The pictures do not belong in the copy. Restate all of the records word for word.
◇ ◇ ◇
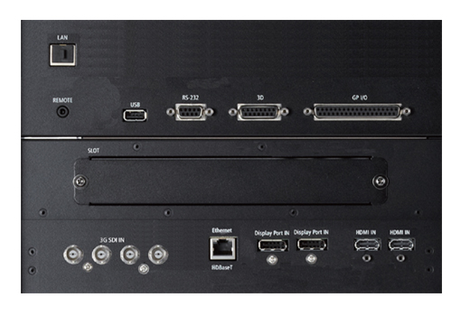 4 個3G-SDI 連接器,1 個HDBaseT,1 個OPS 可選插槽 |
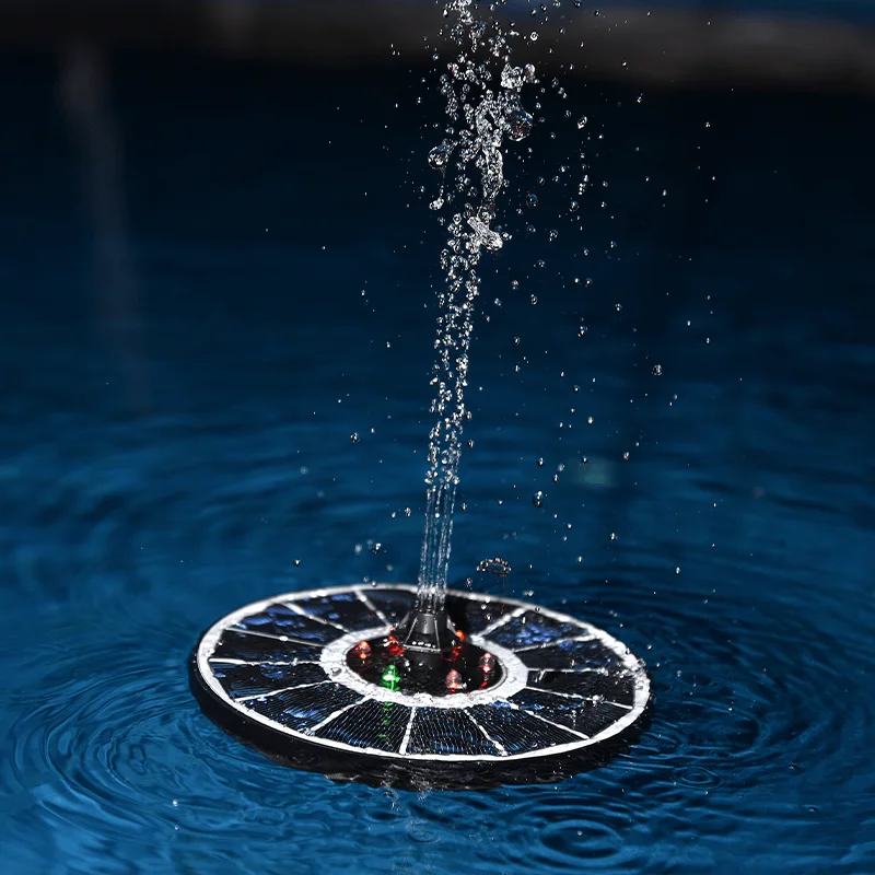 Flytande solcellsfontän med LED belysning från Heissner har 7 olika vattenfunktioner. Tack vare det integrerade 900mAh-batteriet lyser solcellsön även på natten. En automatisk dimningssensor slår automatiskt på solcellsön när det är mörkt. Inkl. 4 distanser till damm- eller poolkanten.
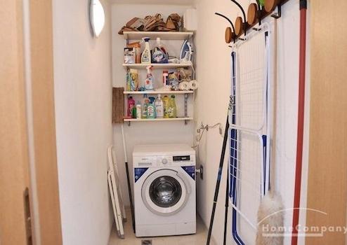 Hauswirtschaftsraum mit Waschmaschine und Regalen.
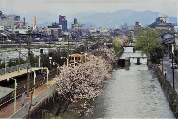 ずっと前に載せた写真かも知れませんが・・・・古いUSBメモリーの画像を整理していましたら、これこんな写真が出て来ました。私の撮った写真ではなく、入手経路が不明なのですが・・・鴨川と(琵琶湖)疎水の間を走る京阪電車。懐かしい光景です。 勿論、車窓からも絶景のだったのてす。右遠方の南座と菊水ビル? が見えますので、多分五条駅だと思います。こんな景色を見ながら通勤していたのがウン十年前、遠い遠い昔の事でした。調べますと地下化は 1988年のことでした。今は疎水も電車も地下!! 片方2車線の川端通り、幹線です。
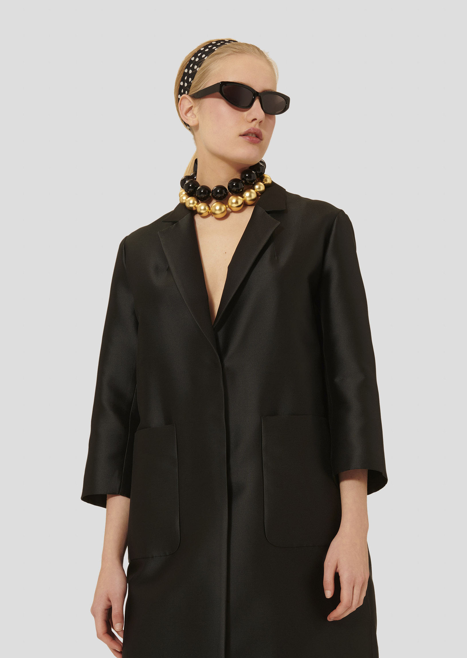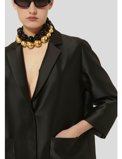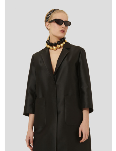 Ce long manteau noir en satin duchesse possède une coupe droite et large, un col à revers, des manches 3/4 et deux grandes poches plaquées aux côtés. Il se ferme au-devant par des boutons pression dissimulés.
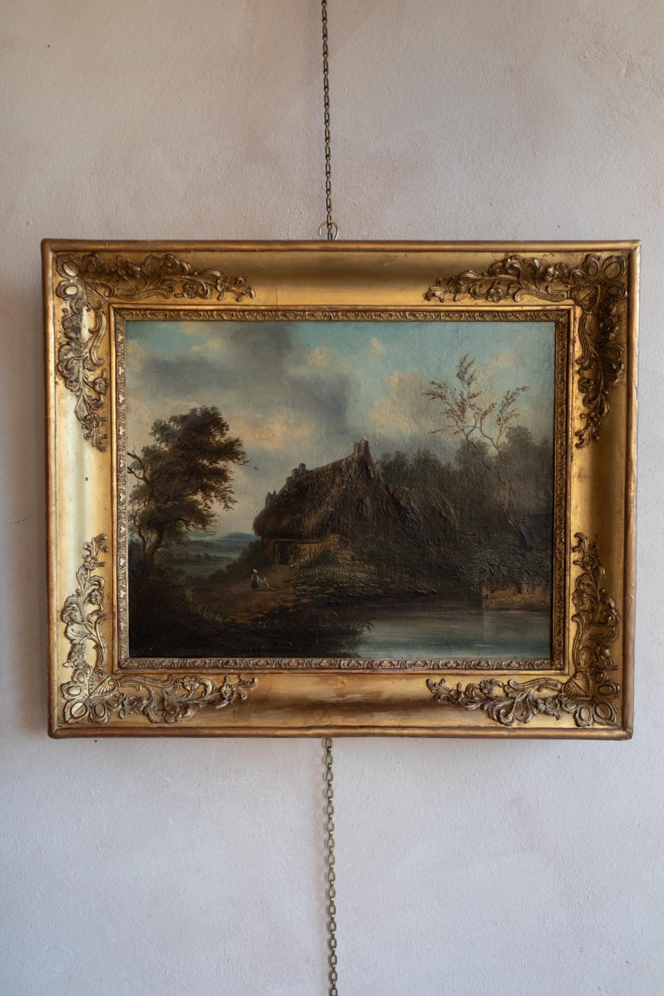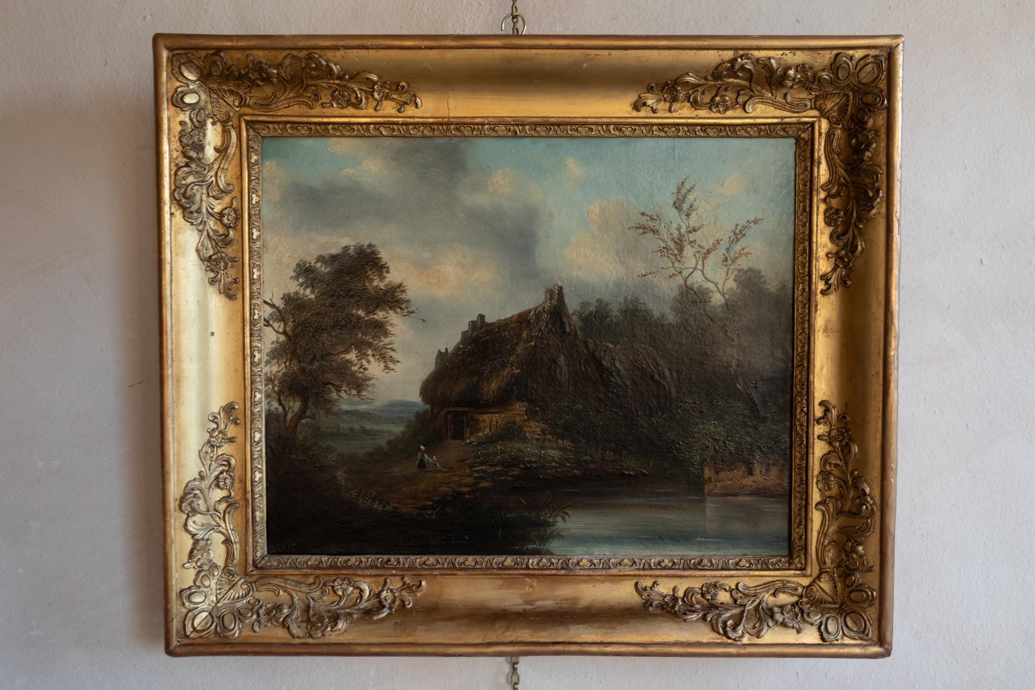 This charming mid-19th century landscape painting captures the rustic poetry of French rural life with a thatched cottage nestled by a quiet riverbank. A lone figure near the cottage lends a human touch to the peaceful, natural setting, framed by tall trees and a luminous sky. Painted in the French romantic tradition, the work reflects the era’s fascination with pastoral beauty and the harmony between people and nature. The warm earth tones and soft handling of light create a timeless, atmospheric mood. Presented in an ornate Napoleon III frame. The frame has some signs of their age, please see all photos.
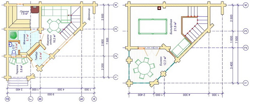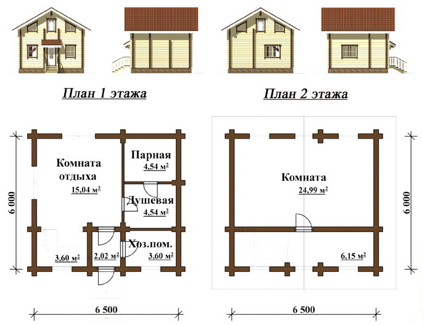 The advantage of two-story buildings or baths with an attic in front of projects of one-story buildings lies in more extensive planning possibilities. The additional space can be used to organize areas for leisure and relaxation.
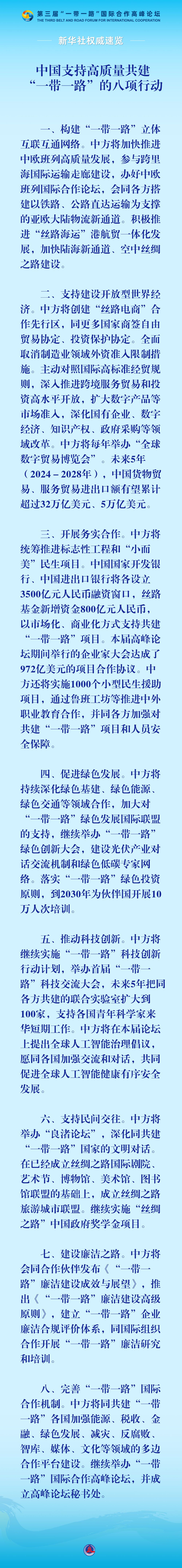 新華社權(quán)威速覽|習(xí)近平宣布中國支持高質(zhì)量共建“一帶一路”的八項(xiàng)行動
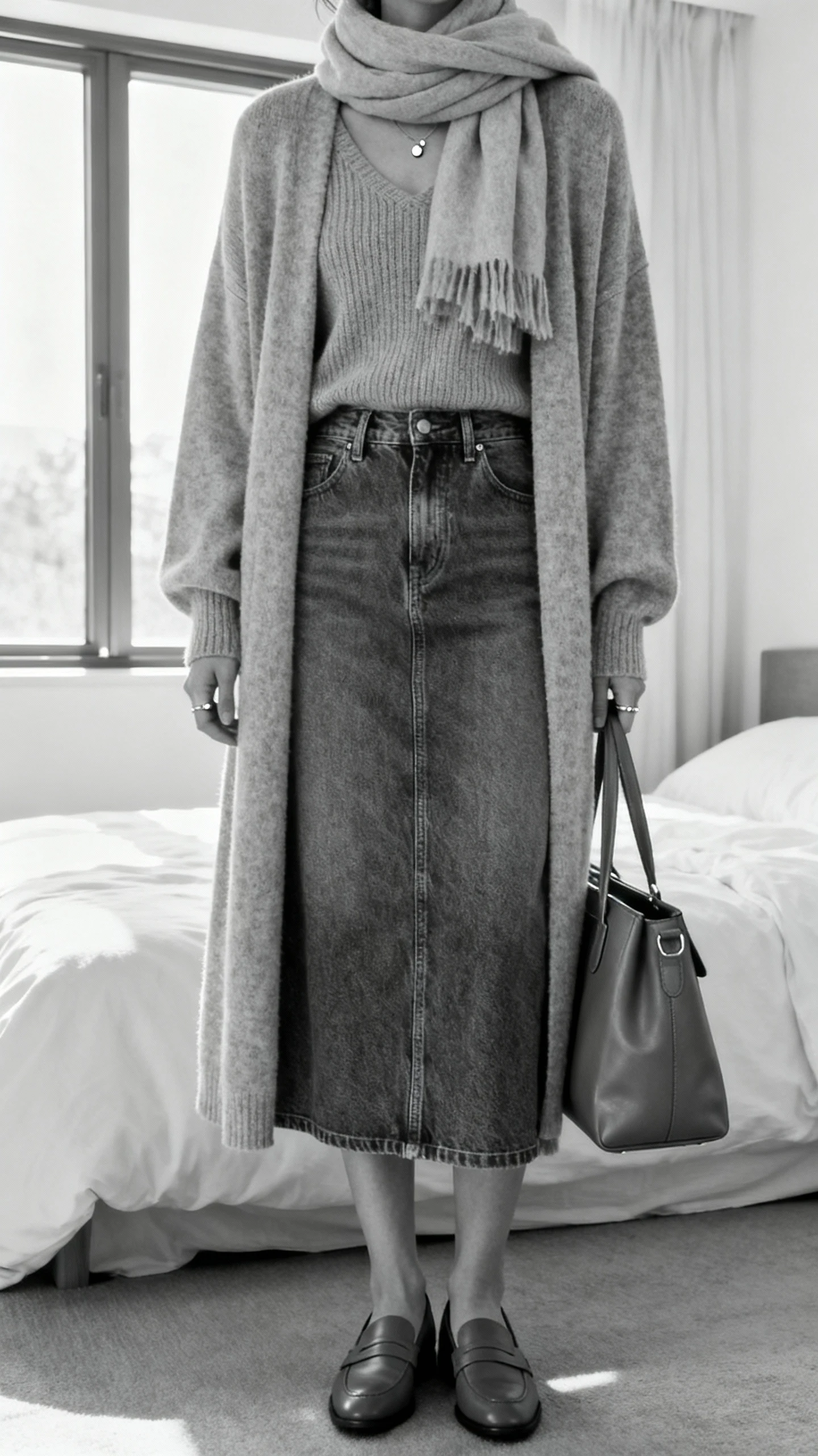 This outfit is soft, elegant, and secretly so warm. A tonal palette (think cream-on-cream or gray-on-gray) paired with a denim midi and a long cardigan looks effortless and expensive. It’s minimalist but not boring—clean lines, plush textures, and cozy layers.
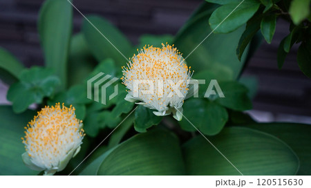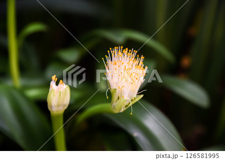 White-flowered Haemanthus in bloom, with thick green leaves and unique brush-like petals, a tropical bulbous plant from the Amaryllidaceae family.
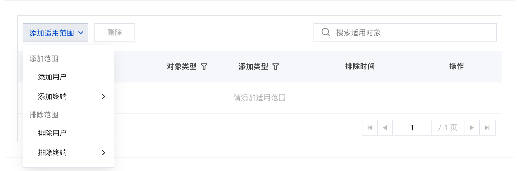 支持按照适用终端、适用用户、例外终端以及例外用户等维度指定策略生效范围,其中终端与账号都支持指定具体的终端名称以及账号名称,同时支持按照组织架构和自定义分组批量勾选。
◇ ◇ ◇
- Exercise result
 4 個3G-SDI 連接器,1 個HDBaseT,1 個OPS 可選插槽 |
 Flytande solcellsfontän med LED belysning från Heissner har 7 olika vattenfunktioner. Tack vare det integrerade 900mAh-batteriet lyser solcellsön även på natten. En automatisk dimningssensor slår automatiskt på solcellsön när det är mörkt. Inkl. 4 distanser till damm- eller poolkanten.
 Hauswirtschaftsraum mit Waschmaschine und Regalen.
 ずっと前に載せた写真かも知れませんが・・・・古いUSBメモリーの画像を整理していましたら、これこんな写真が出て来ました。私の撮った写真ではなく、入手経路が不明なのですが・・・鴨川と(琵琶湖)疎水の間を走る京阪電車。懐かしい光景です。 勿論、車窓からも絶景のだったのてす。右遠方の南座と菊水ビル? が見えますので、多分五条駅だと思います。こんな景色を見ながら通勤していたのがウン十年前、遠い遠い昔の事でした。調べますと地下化は 1988年のことでした。今は疎水も電車も地下!! 片方2車線の川端通り、幹線です。
 Ce long manteau noir en satin duchesse possède une coupe droite et large, un col à revers, des manches 3/4 et deux grandes poches plaquées aux côtés. Il se ferme au-devant par des boutons pression dissimulés.
 This charming mid-19th century landscape painting captures the rustic poetry of French rural life with a thatched cottage nestled by a quiet riverbank. A lone figure near the cottage lends a human touch to the peaceful, natural setting, framed by tall trees and a luminous sky. Painted in the French romantic tradition, the work reflects the era’s fascination with pastoral beauty and the harmony between people and nature. The warm earth tones and soft handling of light create a timeless, atmospheric mood. Presented in an ornate Napoleon III frame. The frame has some signs of their age, please see all photos.
 The advantage of two-story buildings or baths with an attic in front of projects of one-story buildings lies in more extensive planning possibilities. The additional space can be used to organize areas for leisure and relaxation.
 新華社權(quán)威速覽|習(xí)近平宣布中國支持高質(zhì)量共建“一帶一路”的八項(xiàng)行動
 This outfit is soft, elegant, and secretly so warm. A tonal palette (think cream-on-cream or gray-on-gray) paired with a denim midi and a long cardigan looks effortless and expensive. It’s minimalist but not boring—clean lines, plush textures, and cozy layers.
 White-flowered Haemanthus in bloom, with thick green leaves and unique brush-like petals, a tropical bulbous plant from the Amaryllidaceae family.
 支持按照适用终端、适用用户、例外终端以及例外用户等维度指定策略生效范围,其中终端与账号都支持指定具体的终端名称以及账号名称,同时支持按照组织架构和自定义分组批量勾选。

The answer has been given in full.